→ What to do
For this exercise, write out the whole listing below exactly, omitting its images.

→ Given material
******

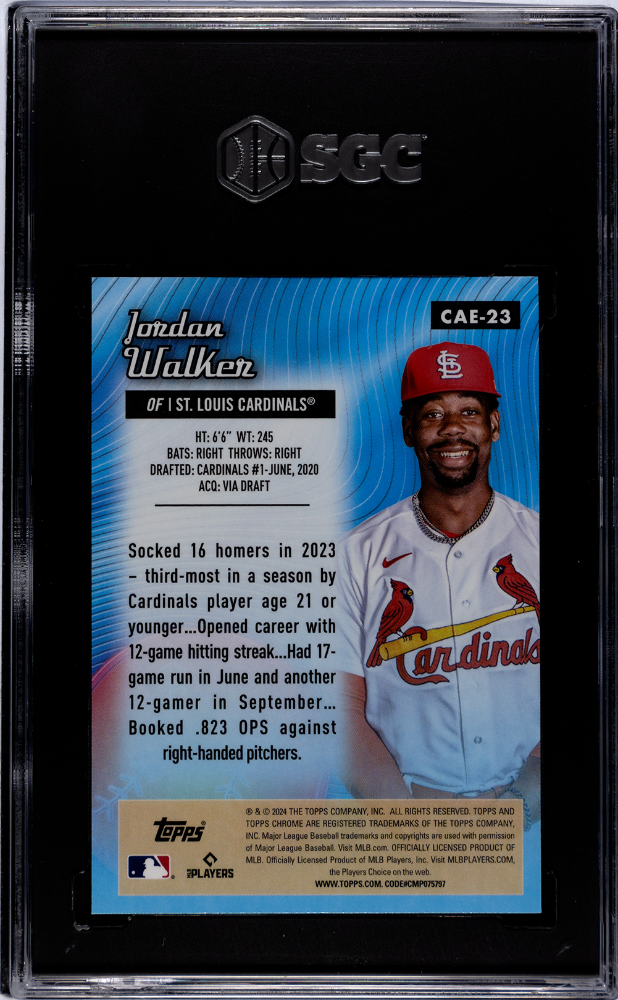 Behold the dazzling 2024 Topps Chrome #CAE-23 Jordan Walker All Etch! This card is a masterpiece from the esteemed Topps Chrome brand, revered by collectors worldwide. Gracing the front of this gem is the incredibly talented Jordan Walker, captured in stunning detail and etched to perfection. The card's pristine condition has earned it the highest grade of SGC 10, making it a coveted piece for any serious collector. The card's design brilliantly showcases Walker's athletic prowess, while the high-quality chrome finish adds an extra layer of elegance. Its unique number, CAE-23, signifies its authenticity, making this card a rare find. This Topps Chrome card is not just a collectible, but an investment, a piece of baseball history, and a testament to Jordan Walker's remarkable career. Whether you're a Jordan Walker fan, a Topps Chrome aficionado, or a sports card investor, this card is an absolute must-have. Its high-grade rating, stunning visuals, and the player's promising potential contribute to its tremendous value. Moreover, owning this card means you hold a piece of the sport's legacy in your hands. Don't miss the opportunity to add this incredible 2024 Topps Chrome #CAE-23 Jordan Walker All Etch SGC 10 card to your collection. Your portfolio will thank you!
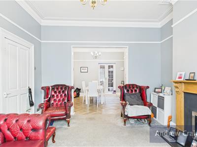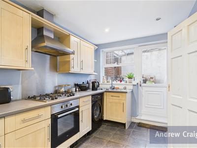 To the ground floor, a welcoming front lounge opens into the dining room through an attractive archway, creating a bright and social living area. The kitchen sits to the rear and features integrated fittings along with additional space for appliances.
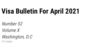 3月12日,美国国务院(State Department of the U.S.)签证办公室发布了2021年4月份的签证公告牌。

******

→ Reply
 Behold the dazzling 2024 Topps Chrome #CAE-23 Jordan Walker All Etch! This card is a masterpiece from the esteemed Topps Chrome brand, revered by collectors worldwide. Gracing the front of this gem is the incredibly talented Jordan Walker, captured in stunning detail and etched to perfection. The card's pristine condition has earned it the highest grade of SGC 10, making it a coveted piece for any serious collector. The card's design brilliantly showcases Walker's athletic prowess, while the high-quality chrome finish adds an extra layer of elegance. Its unique number, CAE-23, signifies its authenticity, making this card a rare find. This Topps Chrome card is not just a collectible, but an investment, a piece of baseball history, and a testament to Jordan Walker's remarkable career. Whether you're a Jordan Walker fan, a Topps Chrome aficionado, or a sports card investor, this card is an absolute must-have. Its high-grade rating, stunning visuals, and the player's promising potential contribute to its tremendous value. Moreover, owning this card means you hold a piece of the sport's legacy in your hands. Don't miss the opportunity to add this incredible 2024 Topps Chrome #CAE-23 Jordan Walker All Etch SGC 10 card to your collection. Your portfolio will thank you!
 To the ground floor, a welcoming front lounge opens into the dining room through an attractive archway, creating a bright and social living area. The kitchen sits to the rear and features integrated fittings along with additional space for appliances.
 3月12日,美国国务院(State Department of the U.S.)签证办公室发布了2021年4月份的签证公告牌。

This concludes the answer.